• TASK TO COMPLETE:
Reproduce the entries in full. Exclude all images from the copy.
BEGIN
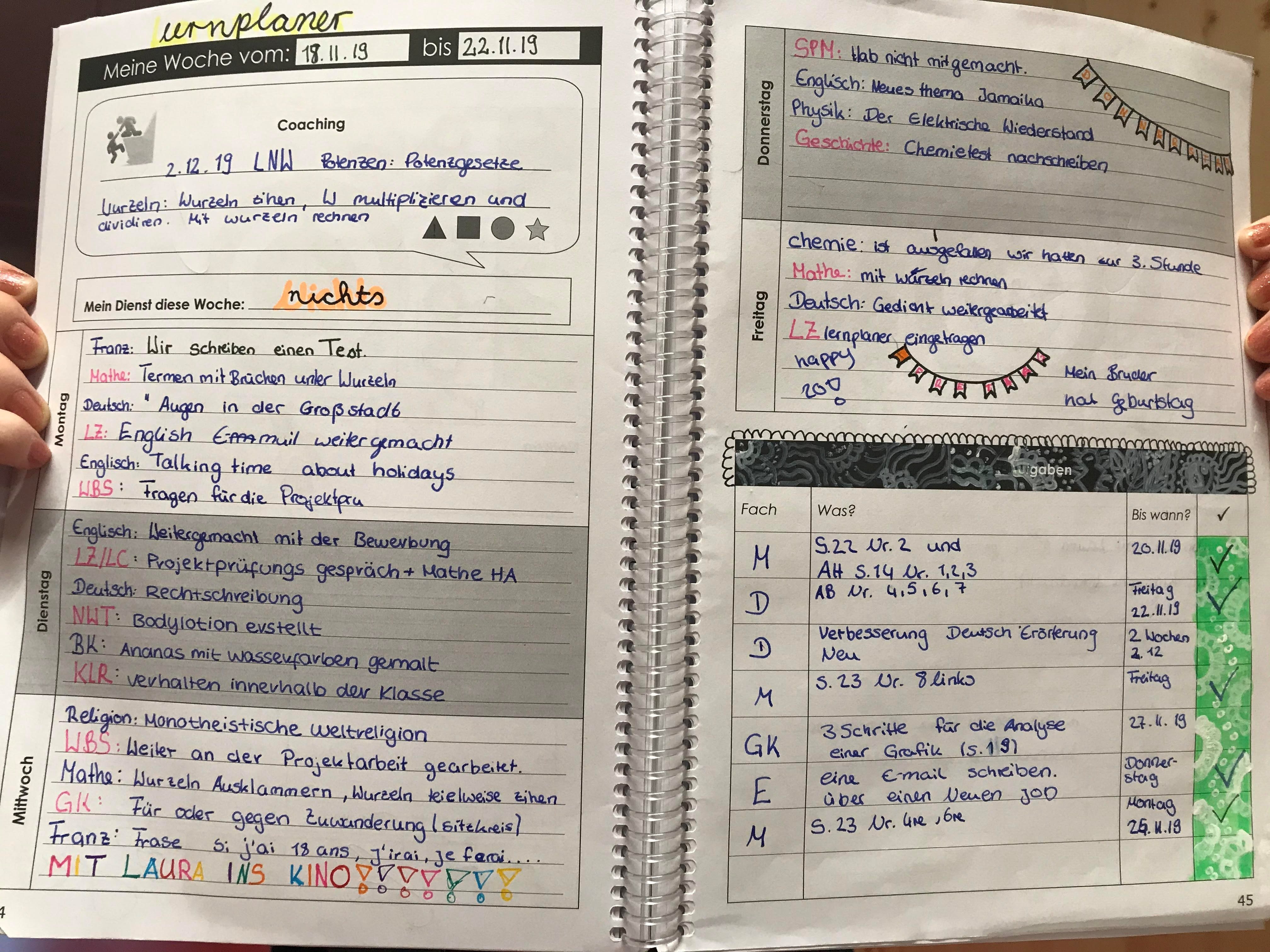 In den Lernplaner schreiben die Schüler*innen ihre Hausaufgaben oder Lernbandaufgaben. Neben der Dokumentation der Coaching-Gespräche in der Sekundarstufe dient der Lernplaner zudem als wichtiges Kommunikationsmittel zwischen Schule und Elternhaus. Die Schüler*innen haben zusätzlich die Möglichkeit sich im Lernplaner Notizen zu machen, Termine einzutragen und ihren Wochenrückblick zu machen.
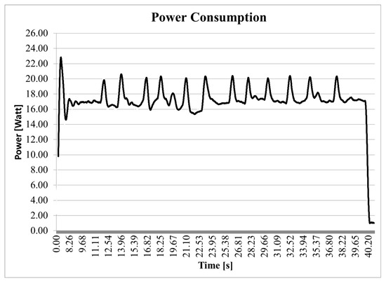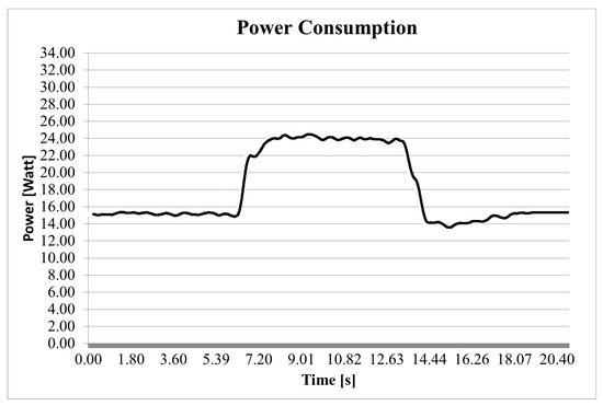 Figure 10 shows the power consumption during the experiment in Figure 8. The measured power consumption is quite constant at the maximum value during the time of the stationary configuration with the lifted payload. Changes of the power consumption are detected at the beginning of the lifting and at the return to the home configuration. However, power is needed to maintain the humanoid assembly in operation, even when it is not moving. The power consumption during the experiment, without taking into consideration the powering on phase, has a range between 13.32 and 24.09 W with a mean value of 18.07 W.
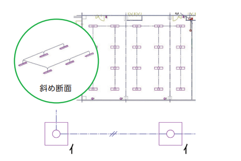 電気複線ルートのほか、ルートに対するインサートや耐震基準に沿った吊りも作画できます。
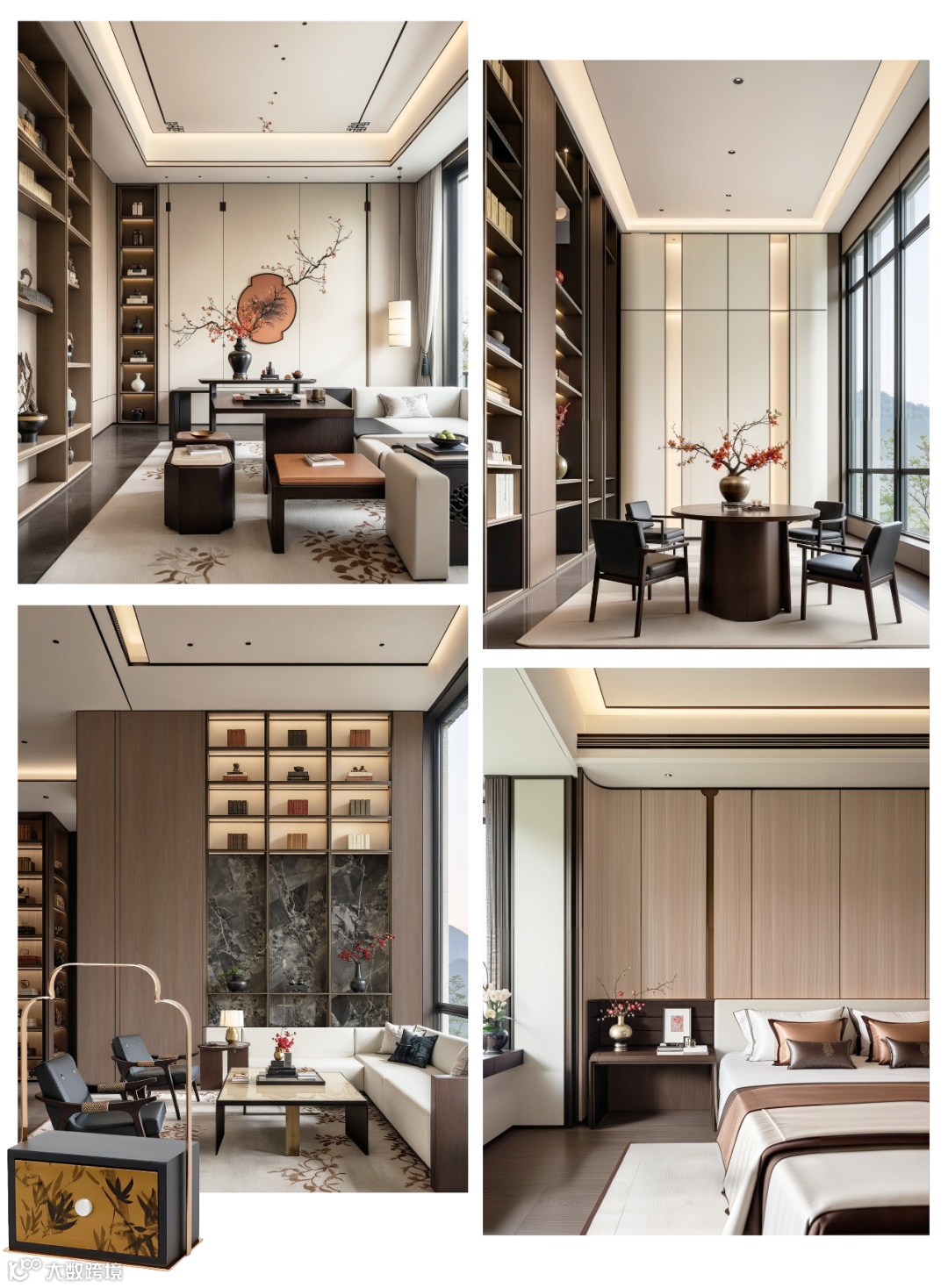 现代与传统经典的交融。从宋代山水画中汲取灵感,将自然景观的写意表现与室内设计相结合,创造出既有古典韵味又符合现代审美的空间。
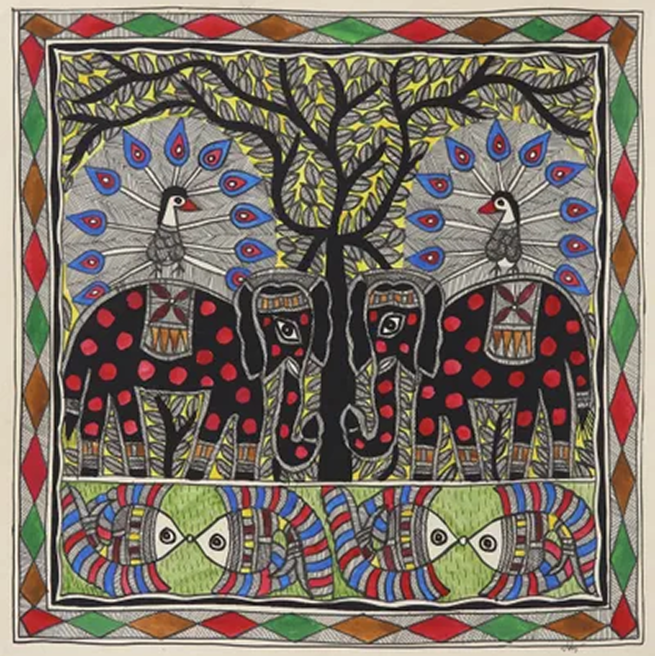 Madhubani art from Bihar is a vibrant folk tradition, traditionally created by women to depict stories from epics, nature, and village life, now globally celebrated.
END
• SOLUTION FOR THIS EXERCISE:
 In den Lernplaner schreiben die Schüler*innen ihre Hausaufgaben oder Lernbandaufgaben. Neben der Dokumentation der Coaching-Gespräche in der Sekundarstufe dient der Lernplaner zudem als wichtiges Kommunikationsmittel zwischen Schule und Elternhaus. Die Schüler*innen haben zusätzlich die Möglichkeit sich im Lernplaner Notizen zu machen, Termine einzutragen und ihren Wochenrückblick zu machen.
 Figure 10 shows the power consumption during the experiment in Figure 8. The measured power consumption is quite constant at the maximum value during the time of the stationary configuration with the lifted payload. Changes of the power consumption are detected at the beginning of the lifting and at the return to the home configuration. However, power is needed to maintain the humanoid assembly in operation, even when it is not moving. The power consumption during the experiment, without taking into consideration the powering on phase, has a range between 13.32 and 24.09 W with a mean value of 18.07 W.
 電気複線ルートのほか、ルートに対するインサートや耐震基準に沿った吊りも作画できます。
 现代与传统经典的交融。从宋代山水画中汲取灵感,将自然景观的写意表现与室内设计相结合,创造出既有古典韵味又符合现代审美的空间。
 Madhubani art from Bihar is a vibrant folk tradition, traditionally created by women to depict stories from epics, nature, and village life, now globally celebrated.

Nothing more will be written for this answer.